> **TASK STATEMENT**:
Every line in the listing below from the one with "Botín marca SANTORINI" through the one with "在互动环节,手工捏彩泥活动将" is to be reproduced exactly, both ends included; leave out the rest.

> **EXCERPTED RECORDS**:
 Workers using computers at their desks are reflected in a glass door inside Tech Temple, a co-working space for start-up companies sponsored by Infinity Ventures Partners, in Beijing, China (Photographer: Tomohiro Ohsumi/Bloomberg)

==

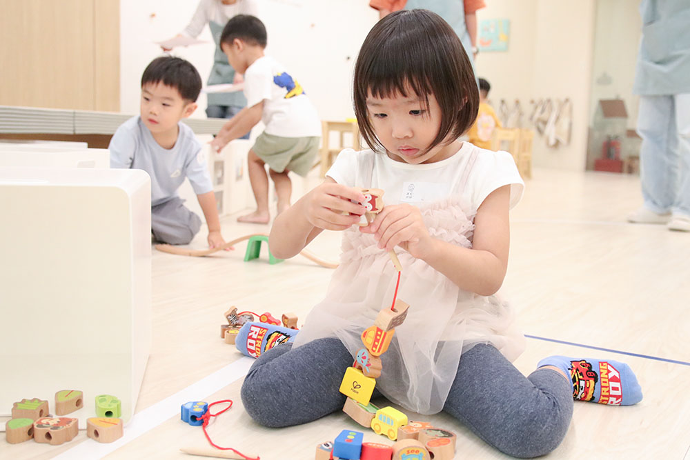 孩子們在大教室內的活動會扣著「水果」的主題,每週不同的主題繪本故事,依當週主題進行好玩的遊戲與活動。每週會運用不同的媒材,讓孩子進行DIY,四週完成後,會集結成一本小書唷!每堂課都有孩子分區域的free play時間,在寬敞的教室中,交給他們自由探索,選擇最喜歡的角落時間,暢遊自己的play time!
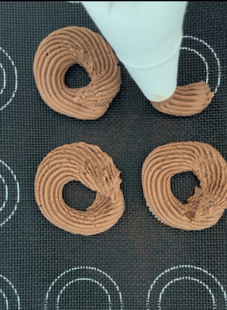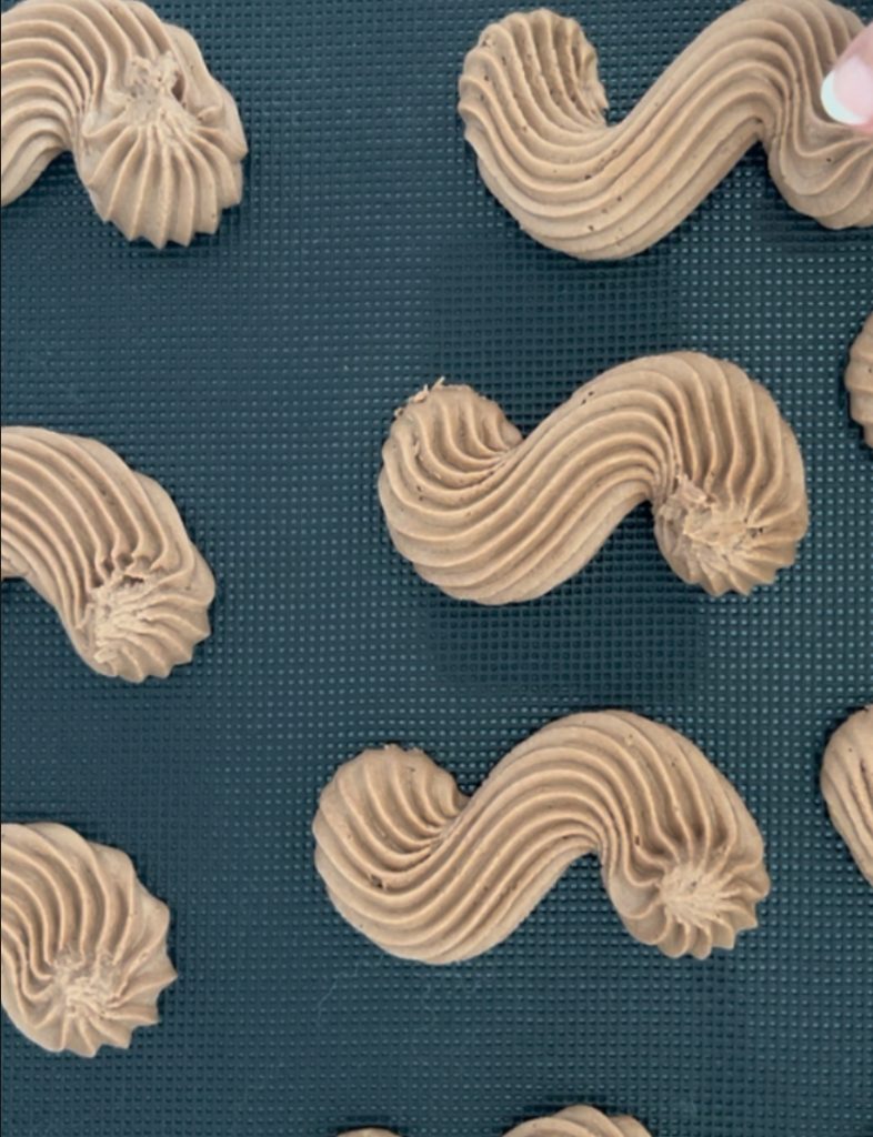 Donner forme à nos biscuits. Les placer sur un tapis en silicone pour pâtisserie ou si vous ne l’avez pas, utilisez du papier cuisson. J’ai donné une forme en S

--

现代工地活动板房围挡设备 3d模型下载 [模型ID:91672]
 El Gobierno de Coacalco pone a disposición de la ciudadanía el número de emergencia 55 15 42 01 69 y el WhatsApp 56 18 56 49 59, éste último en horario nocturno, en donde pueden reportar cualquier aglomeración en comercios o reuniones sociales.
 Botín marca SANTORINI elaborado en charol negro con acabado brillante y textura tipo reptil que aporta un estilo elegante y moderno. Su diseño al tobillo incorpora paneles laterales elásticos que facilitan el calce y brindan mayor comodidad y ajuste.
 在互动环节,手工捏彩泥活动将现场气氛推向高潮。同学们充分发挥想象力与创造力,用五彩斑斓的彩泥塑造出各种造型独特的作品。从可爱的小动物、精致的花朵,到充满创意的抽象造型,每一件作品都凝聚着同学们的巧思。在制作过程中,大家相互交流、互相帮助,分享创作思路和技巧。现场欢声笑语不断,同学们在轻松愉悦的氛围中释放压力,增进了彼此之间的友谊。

> **RESULT FOR THIS TASK**:
 Botín marca SANTORINI elaborado en charol negro con acabado brillante y textura tipo reptil que aporta un estilo elegante y moderno. Su diseño al tobillo incorpora paneles laterales elásticos que facilitan el calce y brindan mayor comodidad y ajuste.
 在互动环节,手工捏彩泥活动将现场气氛推向高潮。同学们充分发挥想象力与创造力,用五彩斑斓的彩泥塑造出各种造型独特的作品。从可爱的小动物、精致的花朵,到充满创意的抽象造型,每一件作品都凝聚着同学们的巧思。在制作过程中,大家相互交流、互相帮助,分享创作思路和技巧。现场欢声笑语不断,同学们在轻松愉悦的氛围中释放压力,增进了彼此之间的友谊。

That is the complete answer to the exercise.